-- The data follows --
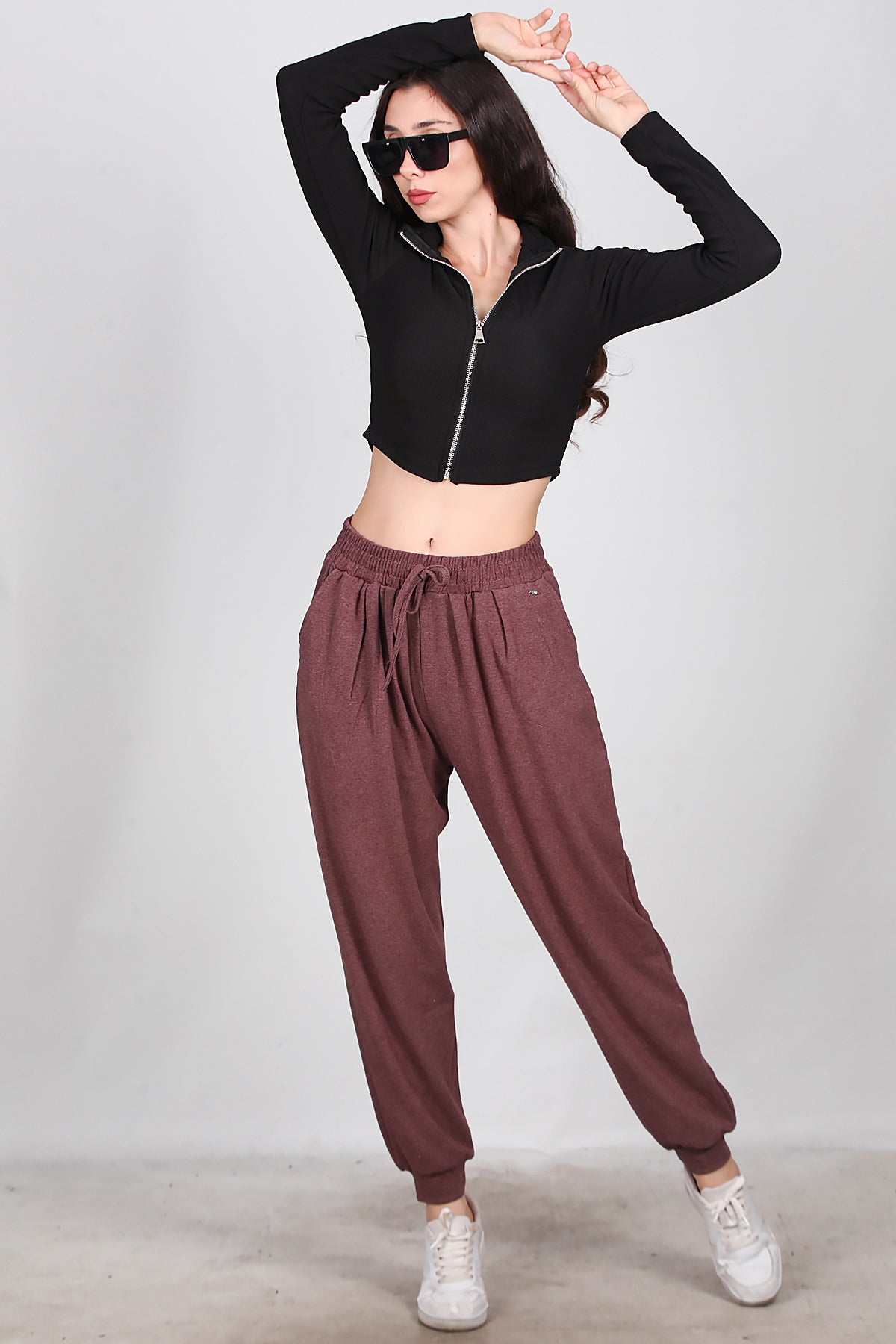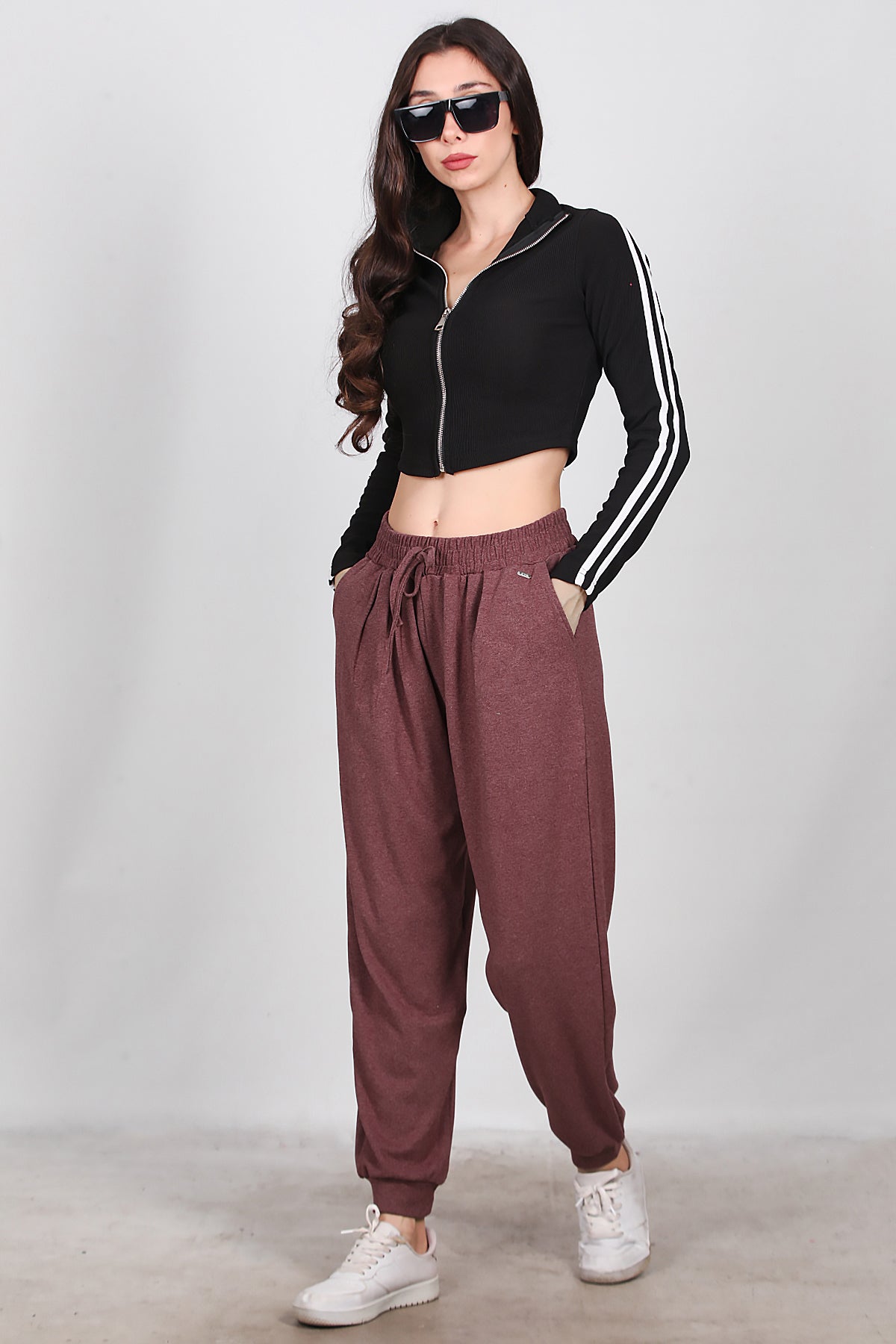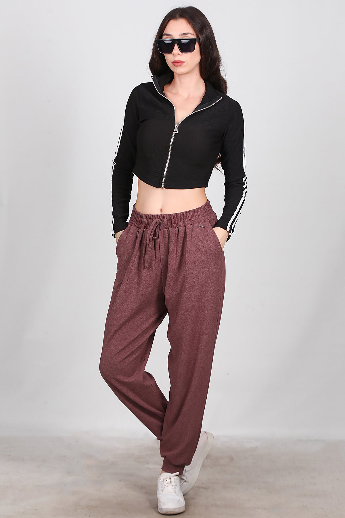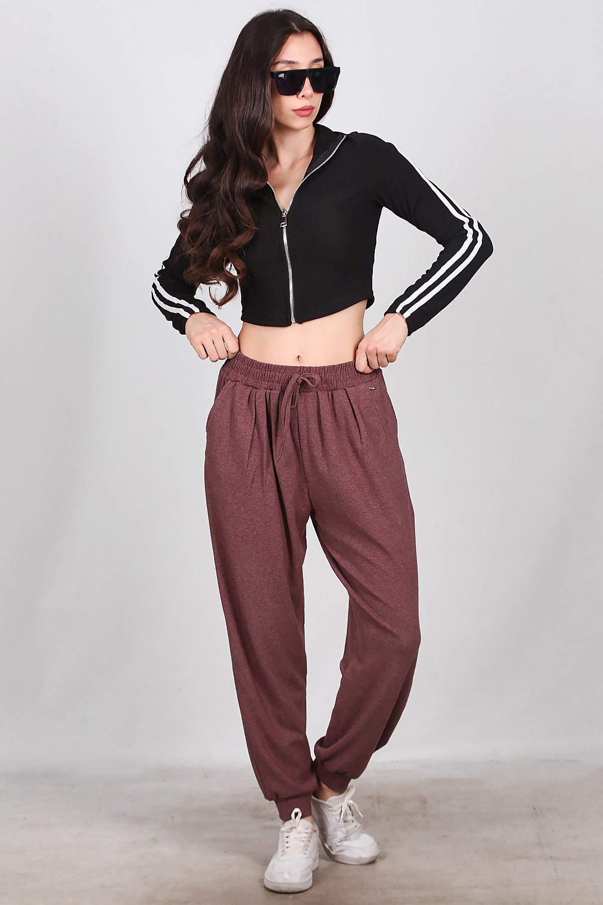 Kadın Bağcıklı Şalvar Pantolon Bordo
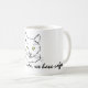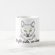 Desenho do rosto de um gato engraçado. O olho se fechou em um piscar os olhos. O gato sorri e piscar os olhos para você. Impressões e presentes engraçados para qualquer um. Caneca de café. Altere ou apague o texto Junte-se ao lado da luz, temos café...
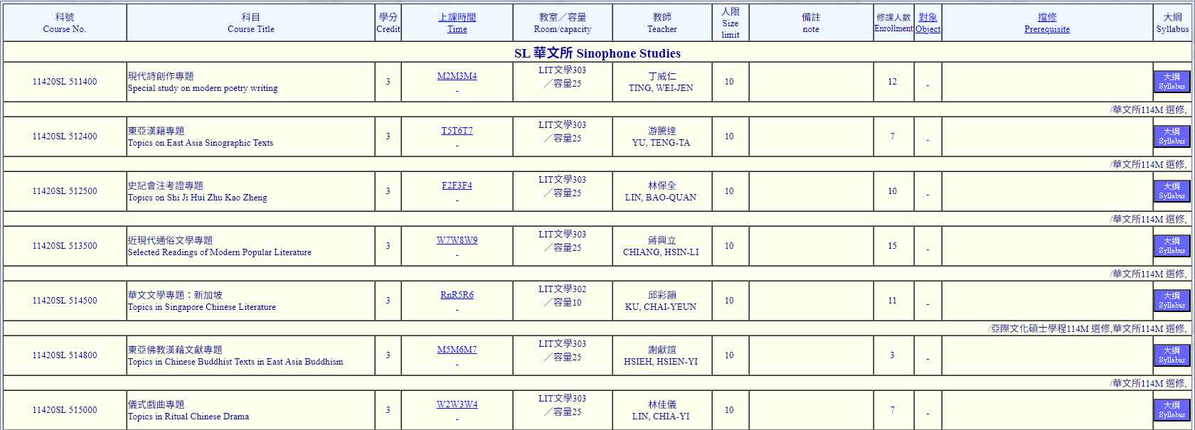 1142學期課表
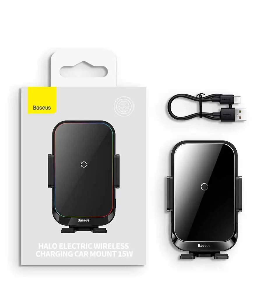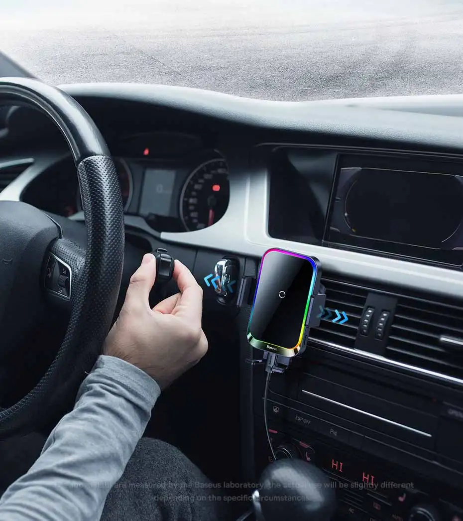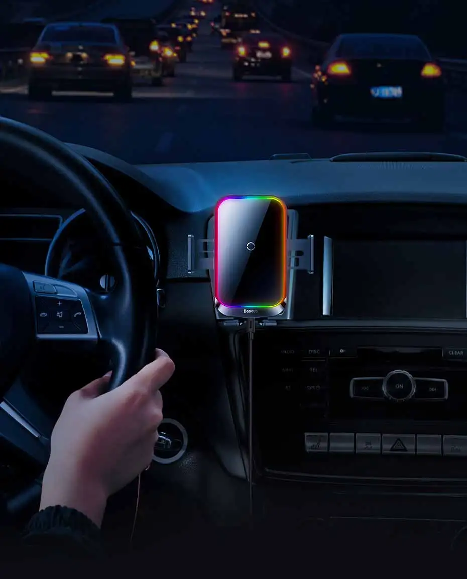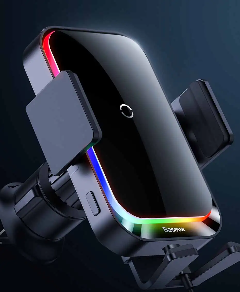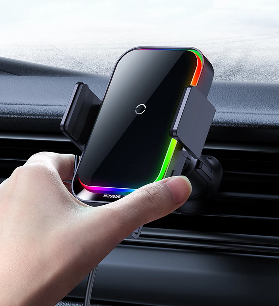 Comprar Baseus-Soporte de teléfono para coche, cargador inalámbrico con infrarrojos, RGB15W, QI, para iPhone, Xiaomi, Samsung, de carga rápida y fácil Control
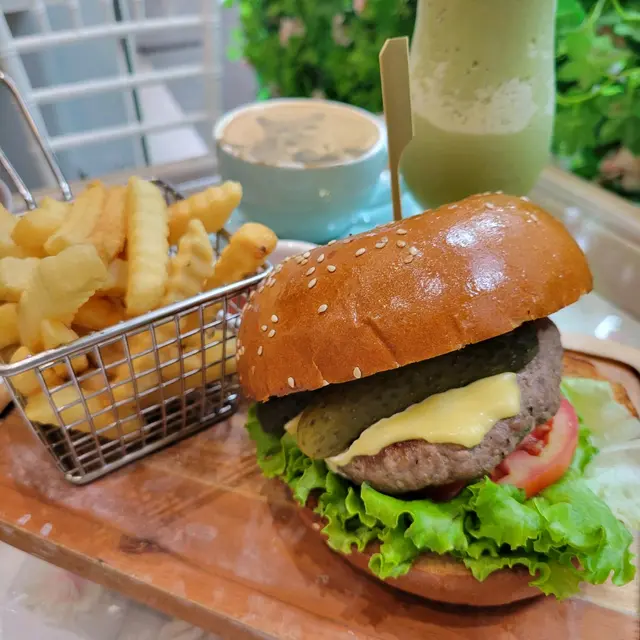 包身夠晒大個,漢堡包用咗芝麻包,外脆內鬆化,有搽牛油🧈👍🏻漢堡扒夠大塊,有牛味多肉汁🐮咬落層次同味道都Very Good😊
-- The data concluded --
Task prompt:
Apart from the pictures, every line of the data above should be given again exactly.

Solution:
 Kadın Bağcıklı Şalvar Pantolon Bordo
 Desenho do rosto de um gato engraçado. O olho se fechou em um piscar os olhos. O gato sorri e piscar os olhos para você. Impressões e presentes engraçados para qualquer um. Caneca de café. Altere ou apague o texto Junte-se ao lado da luz, temos café...
 1142學期課表
 Comprar Baseus-Soporte de teléfono para coche, cargador inalámbrico con infrarrojos, RGB15W, QI, para iPhone, Xiaomi, Samsung, de carga rápida y fácil Control
 包身夠晒大個,漢堡包用咗芝麻包,外脆內鬆化,有搽牛油🧈👍🏻漢堡扒夠大塊,有牛味多肉汁🐮咬落層次同味道都Very Good😊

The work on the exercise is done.